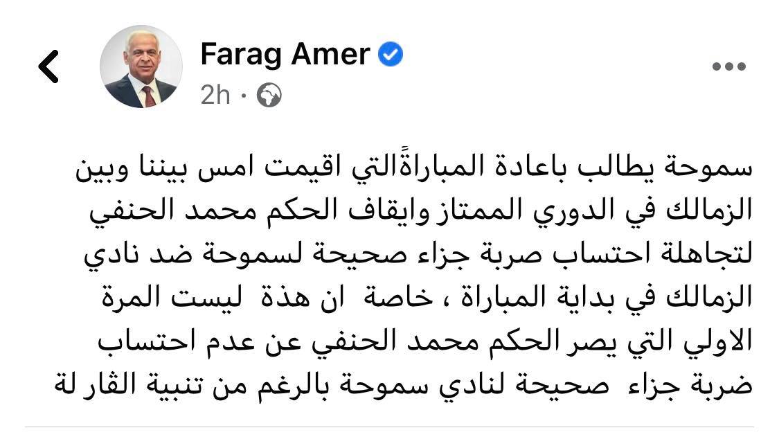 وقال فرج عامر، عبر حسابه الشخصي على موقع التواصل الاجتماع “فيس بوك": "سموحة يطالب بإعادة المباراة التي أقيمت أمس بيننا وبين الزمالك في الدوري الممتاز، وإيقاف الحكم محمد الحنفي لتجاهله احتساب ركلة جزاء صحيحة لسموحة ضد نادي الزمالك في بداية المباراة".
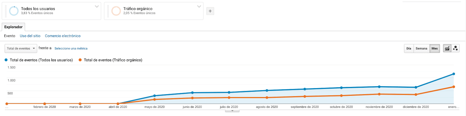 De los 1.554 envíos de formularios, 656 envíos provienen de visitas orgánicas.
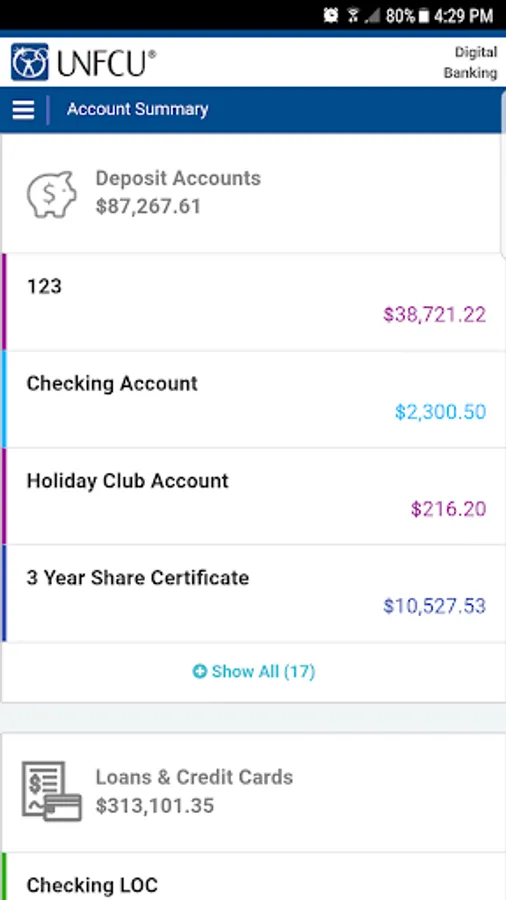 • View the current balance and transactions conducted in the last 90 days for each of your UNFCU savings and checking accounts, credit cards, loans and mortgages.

==

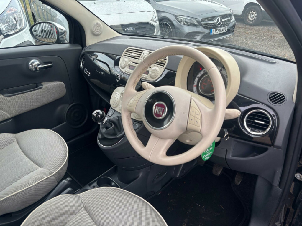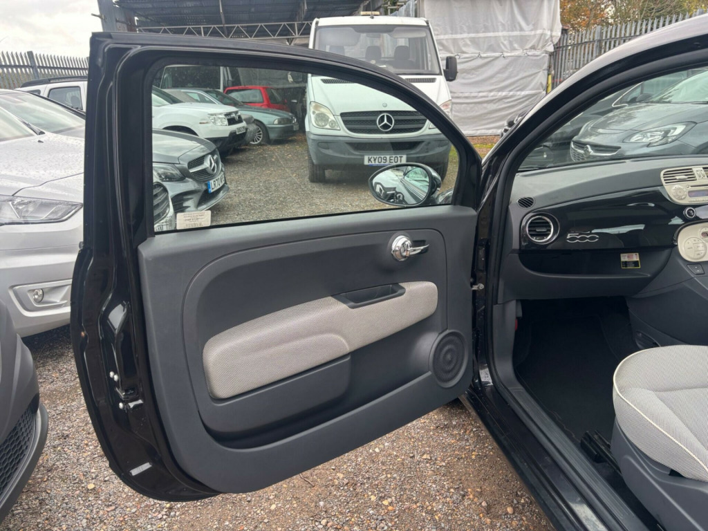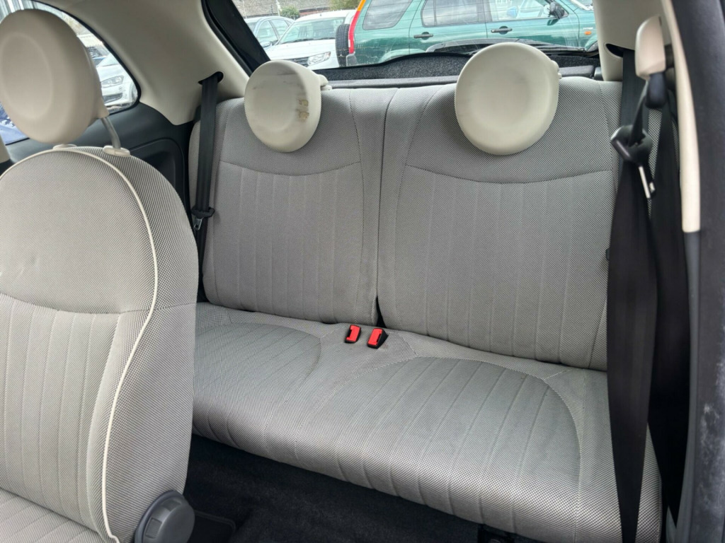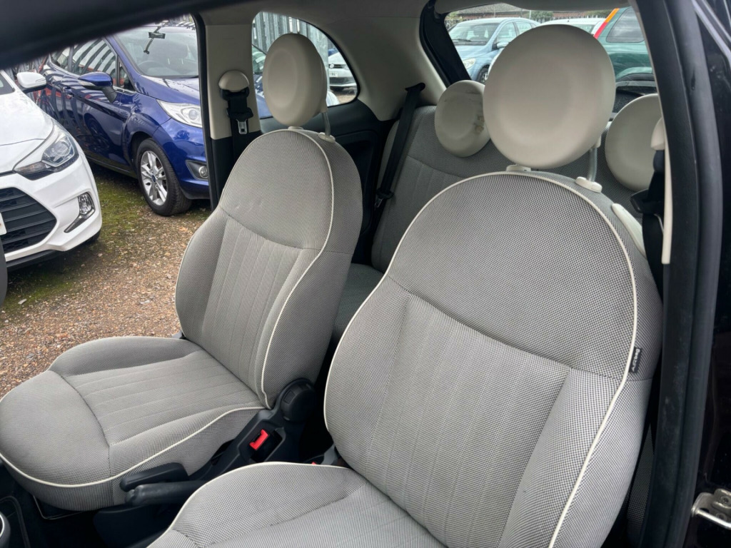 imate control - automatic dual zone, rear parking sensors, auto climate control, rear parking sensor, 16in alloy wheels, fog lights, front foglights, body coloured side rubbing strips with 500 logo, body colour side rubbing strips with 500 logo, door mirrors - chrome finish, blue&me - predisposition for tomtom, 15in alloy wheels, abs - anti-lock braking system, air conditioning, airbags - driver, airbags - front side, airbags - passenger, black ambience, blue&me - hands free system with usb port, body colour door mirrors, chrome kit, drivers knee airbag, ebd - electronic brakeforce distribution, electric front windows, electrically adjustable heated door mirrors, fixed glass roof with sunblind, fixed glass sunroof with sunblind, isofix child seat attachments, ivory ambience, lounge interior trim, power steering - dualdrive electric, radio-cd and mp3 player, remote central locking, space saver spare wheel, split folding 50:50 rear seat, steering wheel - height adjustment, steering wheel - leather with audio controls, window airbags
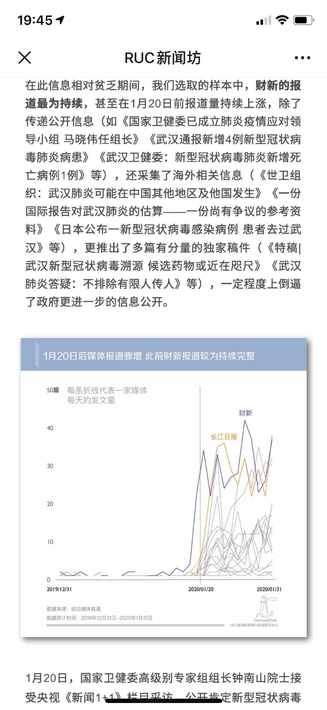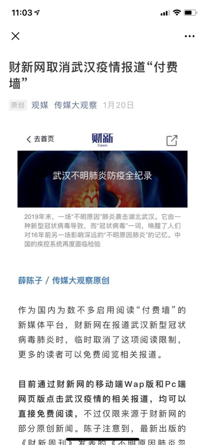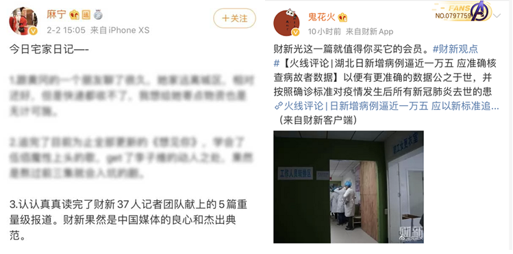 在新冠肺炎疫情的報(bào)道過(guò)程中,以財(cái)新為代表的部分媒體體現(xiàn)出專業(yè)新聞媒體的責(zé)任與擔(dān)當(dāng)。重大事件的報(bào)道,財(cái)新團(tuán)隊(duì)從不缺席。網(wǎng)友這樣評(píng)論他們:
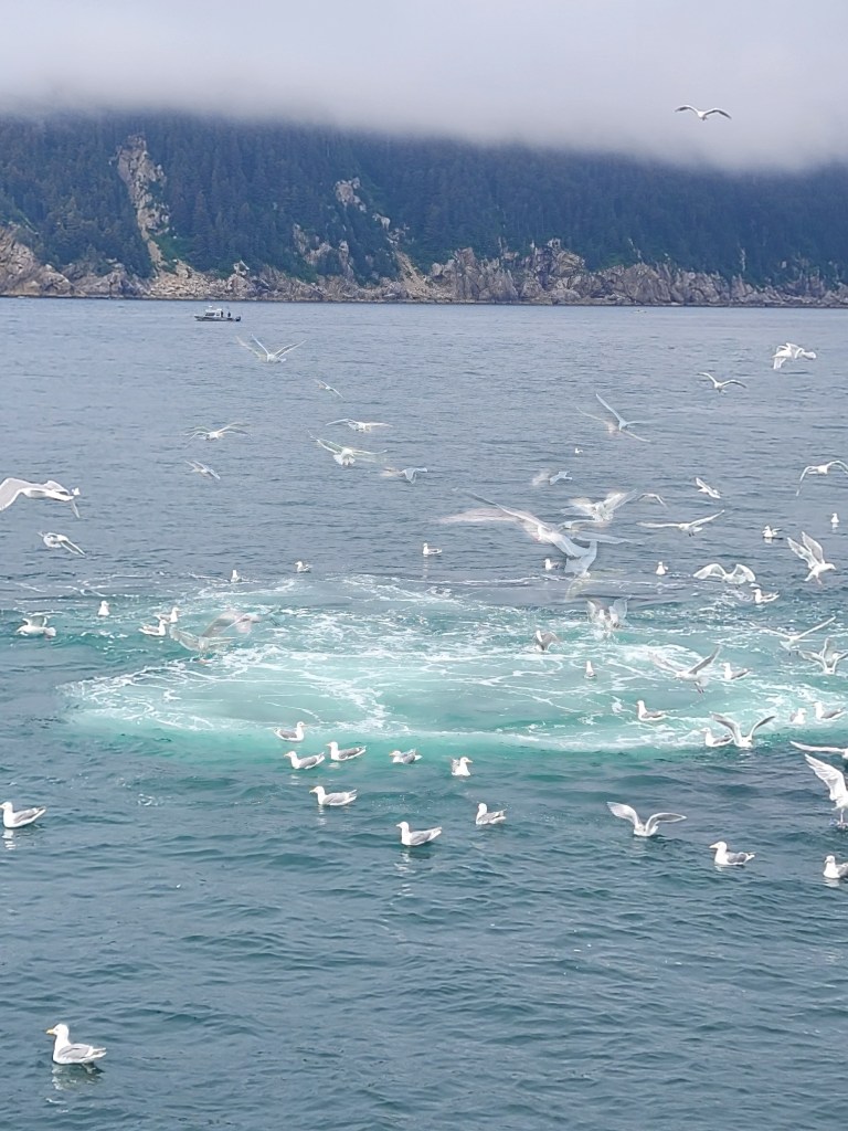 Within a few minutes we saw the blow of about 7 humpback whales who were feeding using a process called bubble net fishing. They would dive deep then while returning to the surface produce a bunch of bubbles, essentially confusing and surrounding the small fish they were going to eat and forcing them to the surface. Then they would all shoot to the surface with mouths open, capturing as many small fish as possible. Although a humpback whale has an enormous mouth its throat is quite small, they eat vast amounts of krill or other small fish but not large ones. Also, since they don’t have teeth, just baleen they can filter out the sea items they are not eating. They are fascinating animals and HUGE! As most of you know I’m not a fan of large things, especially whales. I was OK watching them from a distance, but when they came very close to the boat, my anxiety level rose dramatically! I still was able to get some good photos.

→ Task brief
Range to print from the listing above: from the line with "imate control - automatic" up to and including the line with "在新冠肺炎疫情的報(bào)". Please print those lines exactly, with no pictures and nothing more.

→ Your response
 imate control - automatic dual zone, rear parking sensors, auto climate control, rear parking sensor, 16in alloy wheels, fog lights, front foglights, body coloured side rubbing strips with 500 logo, body colour side rubbing strips with 500 logo, door mirrors - chrome finish, blue&me - predisposition for tomtom, 15in alloy wheels, abs - anti-lock braking system, air conditioning, airbags - driver, airbags - front side, airbags - passenger, black ambience, blue&me - hands free system with usb port, body colour door mirrors, chrome kit, drivers knee airbag, ebd - electronic brakeforce distribution, electric front windows, electrically adjustable heated door mirrors, fixed glass roof with sunblind, fixed glass sunroof with sunblind, isofix child seat attachments, ivory ambience, lounge interior trim, power steering - dualdrive electric, radio-cd and mp3 player, remote central locking, space saver spare wheel, split folding 50:50 rear seat, steering wheel - height adjustment, steering wheel - leather with audio controls, window airbags
 在新冠肺炎疫情的報(bào)道過(guò)程中,以財(cái)新為代表的部分媒體體現(xiàn)出專業(yè)新聞媒體的責(zé)任與擔(dān)當(dāng)。重大事件的報(bào)道,財(cái)新團(tuán)隊(duì)從不缺席。網(wǎng)友這樣評(píng)論他們:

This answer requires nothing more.